La joven tenía contracciones cada vez más
frecuentes, pero como el personal del hospital estaba
muy ocupado, la pareja debió esperar un rato
mientras se hacían los preparativos. El nerviosismo
del marido iba en aumento, pero finalmente un doctor
preguntó por la paciente y un equipo de enfermeras
se encargó de conducir a la parturienta a la
sala correspondiente.
Una vez dentro, el tiempo se hizo eterno para el futuro
padre. El reloj de cuerda de la sala martillaba con
persistencia segundo tras segundo, resonando como un
gong en el silencio del hospital. El niño jugaba,
pero el padre, nervioso, esperaba el momento de ir a
conocer a su nuevo hijo.
Minutos después, en lugar de una enfermera sonriente
se presentó un doctor con aspecto apesadumbrado.
Casi sin entender qué sucedía, el hombre
escuchó en seguidilla las explicaciones detalladas
del médico, como golpes secos y repetidos: se
hizo todo lo posible, no resistió, un parto difícil,
no hay nada que hacer, el cuerpo ya fue trasladado...
El esposo estalló en un ataque de histeria, sintiendo
que las cuatro paredes del hospital se desplomaban hacia
adentro, reprimiendo el impulso de correr a la sala
y llamar a su mujer a los gritos. Al rato se sumió
en un rincón, temblando.
En medio de su angustia, un señor canoso, mayor,
con la túnica clásica de médico,
cruza la sala. Se presenta al joven como el doctor Luis
Pedro Lenguas y aclara que está dispuesto a ayudarlo,
a lo que el esposo responde con furia y le reprocha
con amargura haber llegado demasiado tarde. El anciano,
sin embargo, habla con calma y suavidad. Está
allí para ayudar, repite, y le pide que aguarde
unos minutos.
Segundos después, se siente un llanto de bebé
y los gemidos confusos de una mujer. Por la puerta del
sanatorio asoma una camilla, sobre la cual descansa
la joven esposa, lejos de estar muerta, y su hijo en
brazos. Se funden en un abrazo incrédulo y hablan
al mismo tiempo: ella no comprende lo sucedido y tiene
una sensación extraña; él se deshace
en lágrimas y busca con la mirada a los médicos.
El personal del hospital, ante tanto clamor, llega al
lugar de los hechos. Cuando el doctor ve a la mujer,
se pone pálido y balbucea, incapaz de creer en
la presencia milagrosa de la madre y su hijo recién
nacido, desbordante de vida. El esposo está furioso
y se niega a contestar a los médicos, aclarando
que hablará únicamente con el doctor Lenguas.
Ante la mención del apellido, tanto las enfermeras
como el obstetra pierden nuevamente el color en el rostro.
El médico lo mira fijamente y le señala
un cuadro que cuelga en la pared. El hombre reconoce
la figura al instante: el mismo rostro afable, la misma
mirada, el porte inconfundible del anciano doctor.

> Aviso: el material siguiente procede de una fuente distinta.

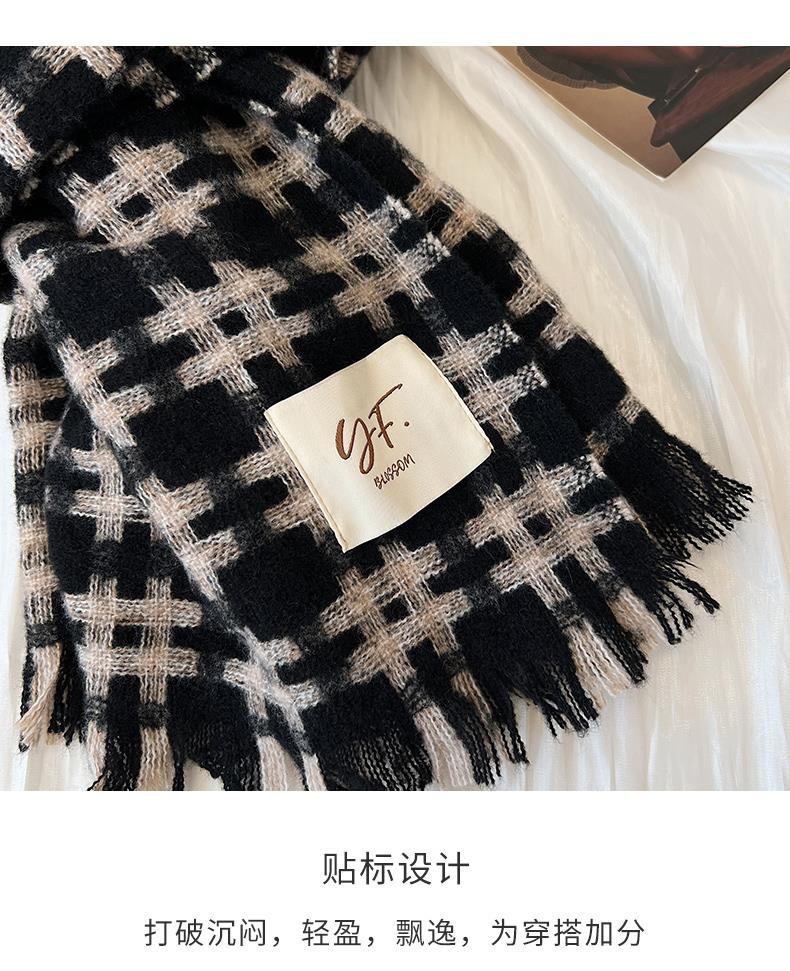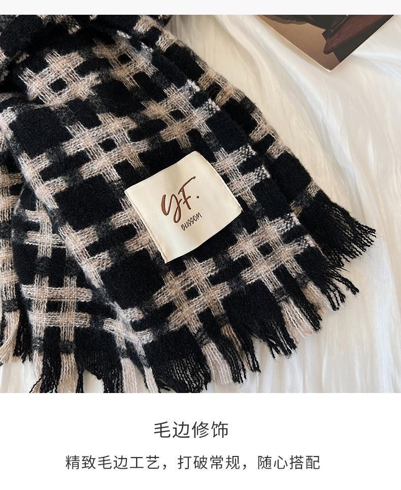 2023秋冬の新型韓国版はカシミヤのフリンジの格子のマフラーをまねます。

”Debe estar equivocado”, aclara el profesional.
“El doctor Luis Pedro Lenguas fue el fundador
del sanatorio en 1885 y falleció en 1932”.
El prodigio del rescate no demoró en correr por
los pasillos del hospital y desde entonces la leyenda
de Pedro Lenguas cobró forma en los pequeños
milagros del sanatorio. Su presencia mítica erigió
la leyenda del médico que desafió a la
muerte por partida doble, logrando milagros desde ambos
lados de la línea que separa a los muertos de
los vivos.
Comentarios
Mucho aporta en esta historia la figura mítica
del doctor Luis Pedro Lenguas, que lejos de ser fruto
de los desvaríos de un esposo apesadumbrado,
tuvo una vida activa en el ámbito de la medicina
y la sociedad. Nació en 1862 en Paysandú
y murió en 1932. Fue uno de los fundadores del
Círculo Católico de Obreros (no el único,
como se sugiere en el relato).
Su devoción a la profesión, a los preceptos
cristianos más puros, a la obra social y al ejercicio
de la medicina pensando en los más necesitados,
llevó a que su figura se venerara, santificara
y que se le adjudicaran varios milagros, tanto en vida
como en la muerte.
(Gracias Guillermo)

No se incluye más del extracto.